PROMPT: Pictures should be left out when the listing below is repeated word for word.

DATASET EXTRACT:
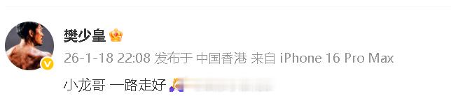 樊少皇悼念梁小龙 樊少皇悼念梁小龙:“小龙哥 一路走好🙏 ”梁小龙去世
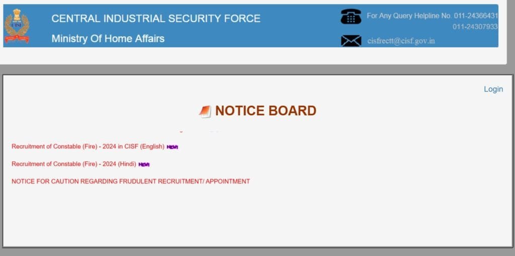 - CISF अधिकृत संकेतस्थळावर लॉगिन करा:
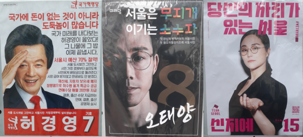 전체적으로 보면 당선 가능성이 높은 후보들은 다소 일반적인, 당선 가능성이 낮은 후보들 일부가 파격적인 포스터를 제작한 게 특징이다.

WRITTEN RESPONSE:
 樊少皇悼念梁小龙 樊少皇悼念梁小龙:“小龙哥 一路走好🙏 ”梁小龙去世
 - CISF अधिकृत संकेतस्थळावर लॉगिन करा:
 전체적으로 보면 당선 가능성이 높은 후보들은 다소 일반적인, 당선 가능성이 낮은 후보들 일부가 파격적인 포스터를 제작한 게 특징이다.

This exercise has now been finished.